— What you have to do —
Please transcribe the data below exactly. Leave the pictures out.

— Stored data —
▬▬▬

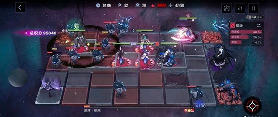 阿黛拉充能满之后开大然后立刻挪到打不到人的地方,尽量不消耗剪刀,一直持续到露核。期间我是把nox挪到后排开大刷小怪了(如图),这个看你角色练度,留到破核再开也可以。
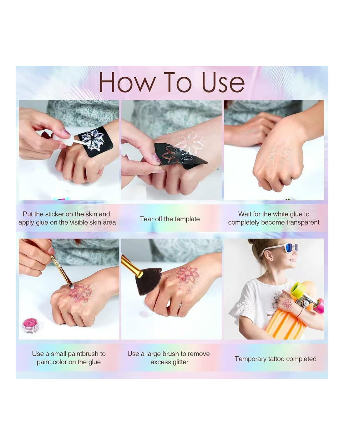 - ¡El regalo perfecto para todas las edades! El set de tatuajes de brillo bellamente empaquetado es un gran regalo para los niños. Este set de tatuajes es perfecto para Navidad, Año Nuevo, fiestas de cumpleaños, carnaval, día de los niños, Halloween, fiestas en la piscina y juegos de rol. Puede mantener a los niños entretenidos durante horas y alejarlos de las pantallas electrónicas para proteger su vista. Pasar un gran momento creando con amigos y familiares.
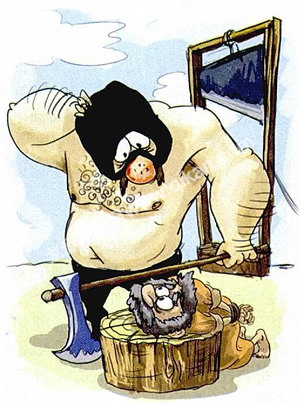 很早以前,一位商人因一个案子被牵连,最后被判斩首。临刑那天,当宣布执行死刑时,那商人走到铡刀前,侧着头,小心地把头搁在砧板上。
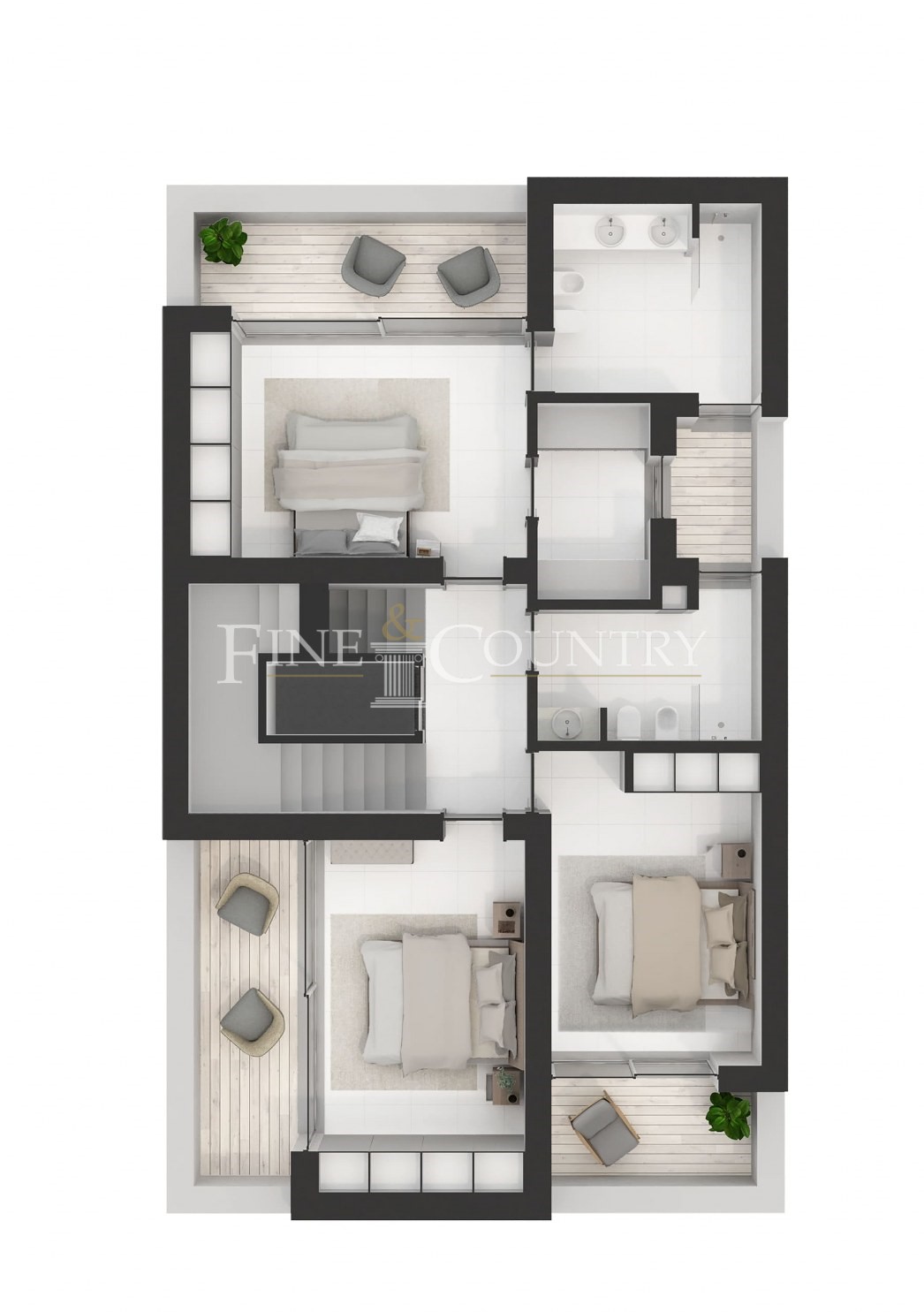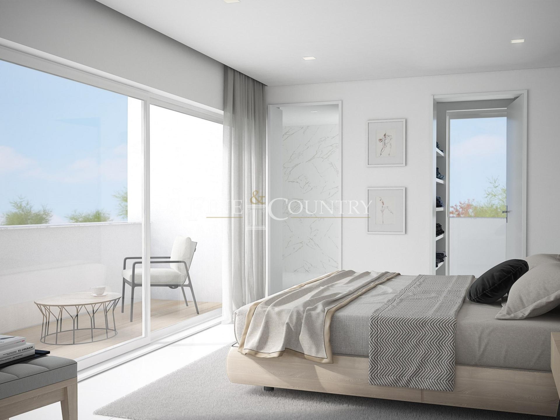 No piso superior, a suíte principal inclui um closet e casa de banho privativa, enquanto dois quartos adicionais partilham uma casa de banho bem equipada. Cada quarto tem acesso a varandas privadas perfeitas para aproveitar o sol algarvio. Um elevador panorâmico conduz ao amplo terraço na cobertura, onde vistas deslumbrantes sobre Tavira e a costa proporcionam um cenário encantador para momentos de lazer e entretenimento ao ar livre.

▬▬▬

— Answer space —
 阿黛拉充能满之后开大然后立刻挪到打不到人的地方,尽量不消耗剪刀,一直持续到露核。期间我是把nox挪到后排开大刷小怪了(如图),这个看你角色练度,留到破核再开也可以。
 - ¡El regalo perfecto para todas las edades! El set de tatuajes de brillo bellamente empaquetado es un gran regalo para los niños. Este set de tatuajes es perfecto para Navidad, Año Nuevo, fiestas de cumpleaños, carnaval, día de los niños, Halloween, fiestas en la piscina y juegos de rol. Puede mantener a los niños entretenidos durante horas y alejarlos de las pantallas electrónicas para proteger su vista. Pasar un gran momento creando con amigos y familiares.
 很早以前,一位商人因一个案子被牵连,最后被判斩首。临刑那天,当宣布执行死刑时,那商人走到铡刀前,侧着头,小心地把头搁在砧板上。
 No piso superior, a suíte principal inclui um closet e casa de banho privativa, enquanto dois quartos adicionais partilham uma casa de banho bem equipada. Cada quarto tem acesso a varandas privadas perfeitas para aproveitar o sol algarvio. Um elevador panorâmico conduz ao amplo terraço na cobertura, onde vistas deslumbrantes sobre Tavira e a costa proporcionam um cenário encantador para momentos de lazer e entretenimento ao ar livre.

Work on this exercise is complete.